Foi a segunda vez que os
juros de Portugal superaram os 4% desde que começou o programa de compra de
dívidas (março de 2015).
António
Costa pretendeu meter água na fervura, dizendo que esta subida
é geral, que o governo acompanha a situação e que os mercados irão
progressivamente “percecionando a realidade da economia portuguesa,
designadamente no que respeita à execução orçamental, à redução da dívida
líquida e ao facto de termos um dos maiores saldos primários da União
Europeia”.
Se isso é assim, mais uma
razão para que governo e BCE evitem tais consequências para Portugal.

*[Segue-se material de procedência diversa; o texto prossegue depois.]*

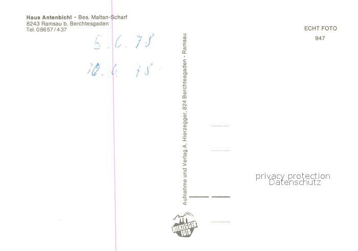 73724712 Ramsau Berchtesgaden Haus Antenbichl Gaestehaus Pension Alpen postalisch nicht gelaufen Erhaltung siehe scans [FriedD77] KatCode: 11110009172129
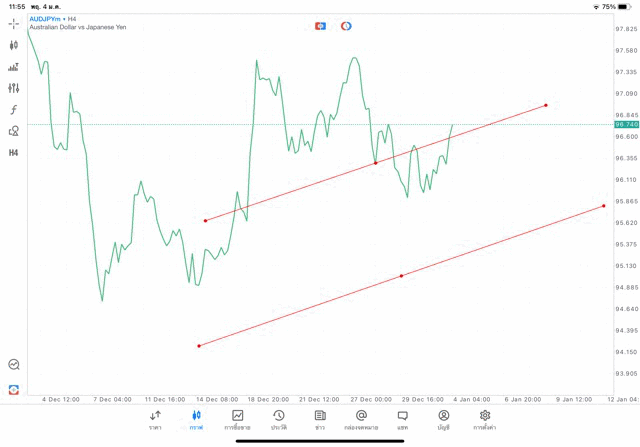 การวาด Trendline H4 Forex AUDJPY application Meta trader 5 หรือ mt5 โบรกเกอร์ Forex exness

Porém, Edgar Caetano, responsável
pela análise de mercados de dívida do holandês Rabobank, e outro quadro
dirigente deste banco, em Londres, disseram ao Observador – todos, é claro, a deitar achas para a
fogueira da fuga dos investimentos - no passado sábado que: “ Portugal está
vulnerável quanto aos riscos "sistémicos" que assolam a Europa. E que
“as taxas de juro de Portugal no mercado superaram esta semana os 4% no prazo a
10 anos. É o valor mais elevado desde os dias tensos de Fevereiro do ano
passado, quando o governo discutia os planos orçamentais com Bruxelas, e
contrasta com os juros abaixo de 2% de Espanha e Itália”. E ainda que “há uma
perceção de risco latente que pode levar a que os investidores cada vez mais
considerem a dívida portuguesa demasiado arriscada, independentemente da
rendibilidade generosa”.
Não dramatizar, porquê?
Porque o BCE vai proteger Portugal, que foi o que mais sofreu com a imediata
especulação nos mercados? Em rigor não há indicações de que tal intervenção
venha a acontecer, devendo acentuar-se a tendência contrária quer no que
respeita ao valor da taxa de juro quer no que respeita às reduções de aquisição
da dívida pública por parte do BCE.
É ou não verdade que a perspectiva da “estagflação” que se
registou nos anos 70, na sequência do primeiro “choque petrolífero”, está a ser
considerada por alguns economistas? É verdade, mas não se pode concluir que
isso virá acontecer. Então o mundo capitalista defrontava uma situação,
aparentemente anormal, na Economia keinesiana, que foi a estagnação no
crescimento coincidir com a subida dos preços, de forma continuada. Nessa
altura os governos e os bancos elevaram as taxas directoras de uma forma muito
rápida e intensamente para evitar possíveis regressos de aumentos de preços,
mas penalizando a economia. Em 1994, a Reserva Federal dos EUA provocou assim
um craque mundial. Por outro lado, negligenciaram outra forma de inflação, já
não não sobre os preços dos produtos, de certos activos financeiros, tais como
imobiliário. A incompletude da união monetária promoveu, assim, a formação de
uma enorme bolha imobiliária em Espanha no ano 2000. Oito anos depois a explosão
registou-se de forma violenta, como todos estamos lembrados.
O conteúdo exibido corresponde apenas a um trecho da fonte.